For many of the 150-plus people in attendance, Wednesday’s forum on the Regional Greenhouse Gas Initiative could not have been more timely.
A report released last week by an international panel of climate scientists and policy makers pinpoints humans as the likely cause of rising global temperatures and predicted dire consequences unless the developed world takes immediate action.
Boston University’s Bruce Anderson said Wednesday that computer-generated climate models predict that, a century from today, Maine may feel more like Washington, D.C., and could see significantly fewer snow days and experience more sustained droughts.
Anderson, with BU’s Department of Geography and the Environment, said the world’s climate will change regardless because carbon dioxide lingers for 100 to 150 years in the atmosphere. But acting now can avoid the most extreme scenarios, he said.
“You guys have an opportunity to make a difference,” Anderson told the crowd attending the forum, sponsored by the University of Southern Maine’s Muskie School of Public Service and the University of Maine’s Margaret Chase Smith Policy Center.
That’s where the Regional Greenhouse Gas Initiative comes into play, speakers said.
Known as RGGI or “Reggie” for short, the initiative involves 10 states, including Maine, that have pledged to cap emissions of greenhouse gas emissions from fossil fuel-fired power plants beginning in 2009. Power plants must then reduce their emissions by an additional 10 percent by 2019.
The Legislature is preparing to consider several bills that would authorize Maine’s involvement in RGGI.
David Littell, commissioner of the Maine Department of Environmental Protection, used Wednesday’s forum to announce that, under the administration’s bill, Maine would receive a significant financial windfall for energy efficiency programs.
States participating in RGGI set limits on greenhouse gases by allotting a certain number of emissions “allowances” or “credits” to each plant based on past emission levels.
Power plants that are more efficient than required can either bank their excess allowances for future use or sell them to plants exceeding their limits.
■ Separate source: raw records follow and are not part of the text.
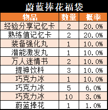 商城上架 【挚爱玫瑰福袋】 、 【挚爱手环福袋 】、 【挚爱光环福袋】、【挚爱如火】、【挚爱礼盒】;同时【蔚蓝捧花福袋】限时返场。本周每人最高可获得【福袋兑换币*120】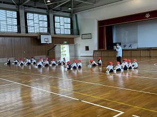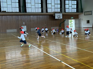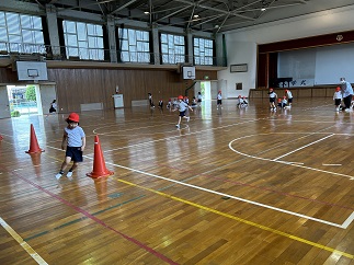 1年生の体育、いい姿勢で先生の話を一生懸命聞き、リレーに挑戦。コーンをまわって自分のチームの友だちにタッチしてつないでいきます。どの子も笑顔で走っている姿がとてもすてきでした!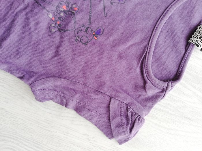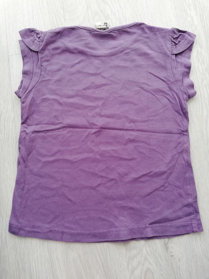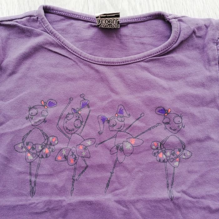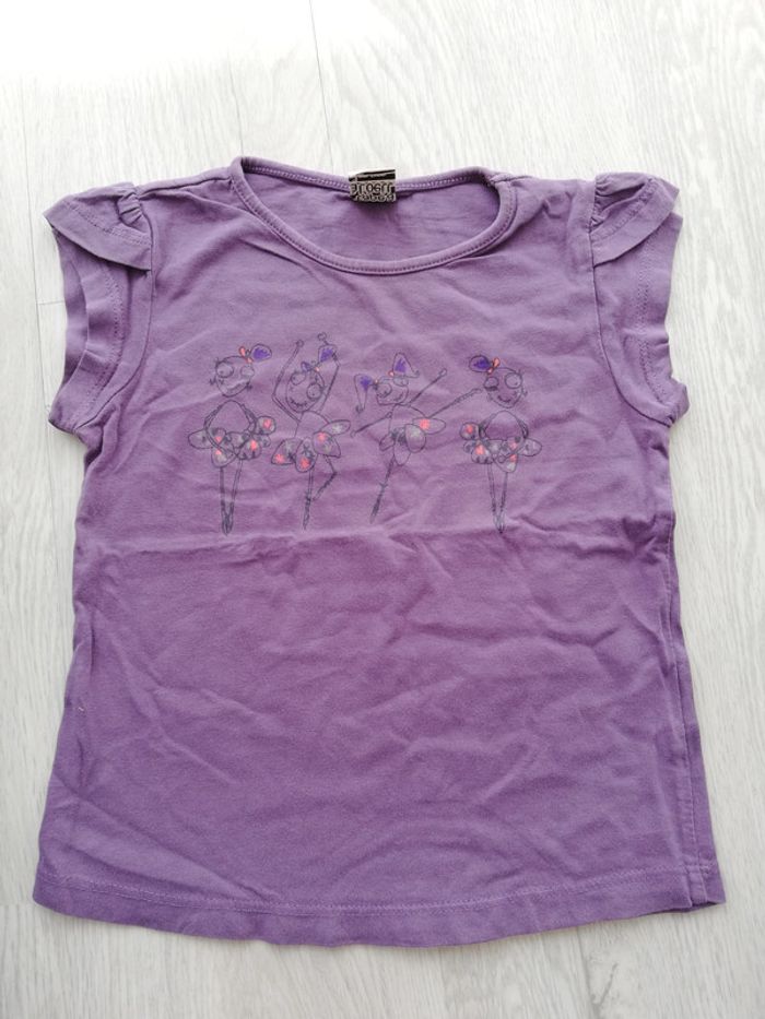 Tee-shirt manches courtes violet avec imprimé danseuses. Petit volant sur les manches. Taille 3 ans ou 96 cm. Bon état à très bon. #canelle0fille3ans #fille3ans

This market-based approach is regarded as more flexible than forced regulation because it offers companies a financial incentive to go beyond their emissions goals.
Littell announced Wednesday that the administration plans to follow the lead of several other states by selling or auctioning off all of its credits, thereby forcing plants to pay up front for the right to emit CO2.
Depending on the per-credit price, Maine could expect to receive between $12 million and $30 million from the auction.
Littell said officials are still discussing how to divide the money among energy-related programs. Some groups want all of the money to go into programs that promote energy conservation, such as Efficiency Maine. Others want some money to go to rate-payers to help offset the modest rate increases anticipated from RGGI.
Littell said that Baldacci also plans to use some of the money to lessen the financial impact on some paper mills – including the Verso plant in Bucksport – that will have to reduce emissions under RGGI.
Verso’s Bucksport and Jay mills have combined heat-and-power systems that generate electricity for the mill and the power grid, with the latent steam heat used in the paper-making process. Verso representatives have said that, because the Bucksport mill is already so efficient, it will be difficult to reduce emission levels even more.
Representatives of several conservation groups praised the governor’s decision to auction off 100 percent of the emissions credits. But they urged the governor to earmark all of the money for energy efficiency programs.
“If the revenue from a RGGI auction is used to fund energy efficiency investments in our homes and businesses, then we will reduce energy costs and strengthen our economy at the same time,” Dylan Voorhees, clean energy director for the Natural Resources Council of Maine, said in a statement.
The forum’s final speaker was the United Kingdom’s consul-general for New England, John Rankin, who said that his country has cut greenhouse gas emissions by 14 percent while adding jobs and growing its economy by 49 percent. That proves sound environmental policies and economic growth can go hand in hand, Rankin said.